Maybe we can use IntendedFor in the corresponding JSON file to link to the relevant channels file similar to how fieldmap data is linked to a specific scan?

Not all JSON files have an IntendedFor metadata field, but I like the general direction here ...

Feb 15 '23 16:02 sappelhoff

One other possibility would be just to use a string for the channel list rather than an actual list. Then BIDS doesn't have to be concerned about validating necessarily, although it could.

"[Cz7, O1, O2]"

Downstream tools could then do their own thing to interpret a channels column, parse, and make sure that these are real channels.

Feb 23 '23 21:02 VisLab

Right now the BIDS specification of events.json indicates two options for describing column values (discounting HED): Levels and Units.

you are raising a very important point here, thanks -- I have not considered that my proposal would introduce a new "data type" for rows in TSV files apart from those defined by Levels and Units. It wouldn't make sense to consider the lists of strings (or the [], "all", and "n/a" values that'd be possible) as "Levels", because there'd simply be too many levels without providing a lot of insight.

We should:

think about alternative solutions

think whether introducing a List type makes sense in a more general sense (beyond our present problem), because I would be hesitant to introduce a concept that is only sensible / meaningful for one particular application

beyond the potential List data type, the present proposal would also permit "all" as a shorthand for a full list of channels and the standard "n/a". While permitting "n/a" is easy and needed anyhow, ... what do you think of the "all" shorthand? Needed? Superfluous? ...

In any case, we need some more people to chime in :-)

I think a List data type would help. This may also be helpful beyond the present problem for other ephys cases where multiple channels or electrodes could be listed and I can imaging other cases where multiple items may to be indexed beyond channels or electrodes.

Maybe we can use IntendedFor in the corresponding JSON file to link to the relevant channels file similar to how fieldmap data is linked to a specific scan?

Not all JSON files have an IntendedFor metadata field, but I like the general direction here ...

This may be similar or comparable to a case in the BIDS-connectivity-BEP, for channel-to-channel connectivity metrics where we also want to interpret a column with respect to an _channels.tsv or _electrodes.tsv file (discussing there whether this should be a sourceAtlas, but it is not an actual atlas...).

Feb 28 '23 20:02 dorahermes

For the format of this field a "pythonic list" has the downside of encouraging developers to do an eval which is not a safe practice. A comma separated list (or a single item) would work effectively as a representation. Brackets aren't strictly necessary as these files are a TSV.

CCing @christinerogers for EEGnet

Mar 03 '23 18:03 Andesha

For the format of this field a "pythonic list" has the downside of encouraging developers to do an eval which is not a safe practice.
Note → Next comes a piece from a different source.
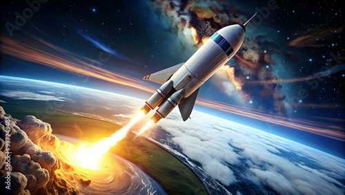 Sleek space rocket in orbit around Earth as part of a high-tech global space program exploration, rocket, space, orbit

A comma separated list (or a single item) would work effectively as a representation. Brackets aren't strictly necessary as these files are a TSV.

I agree with you -- I guess I proposed it this way to distinguish n/a from a potential channel name n/a and to have a convenient shorthand all that is different from a channel potentially called all. But we can probably come up with better ways.

Mar 03 '23 22:03 sappelhoff

Super, thanks @sappelhoff -- I'll raise this at the BIDS maintainers meeting, since @Andesha 's request for code-agnostic (consistent, comma-separated instead of pythonic) lists helps those making BIDS-supporting data platforms (like EEGNet which is webfacing) across modalities.

Has this been discussed elsewhere in the BIDS specs, i.e. is there an implementation cost concern? cc @CPernet

Does this make sense to you @arnodelorme @VisLab ? thoughts, @dorahermes @tpatpa ?

Mar 09 '23 16:03 christinerogers

Discussing this with a few maintainers we settled on allowing json arrays whose only values are strings as an acceptable solution. The json specification allows json documents to start with a square bracket so any languages implementation of the json parser should be sufficient.

We should also be able to represent this in the schema well enough to tip the validators off that elements of the column may need to be parsed.

@effigies did I misrepresent anything here?

Mar 09 '23 20:03 rwblair

Hi @rwblair , My takeaway from this maintainers meeting was that it wasn't decided, and will be raised again next time after some community consultation (@sappelhoff). There's definitely concern about the embedded JSON suggestion on our side -- e.g. within a TSV it's not only hard to read but also can't be validated easily by those preparing data files, so significantly more error-prone.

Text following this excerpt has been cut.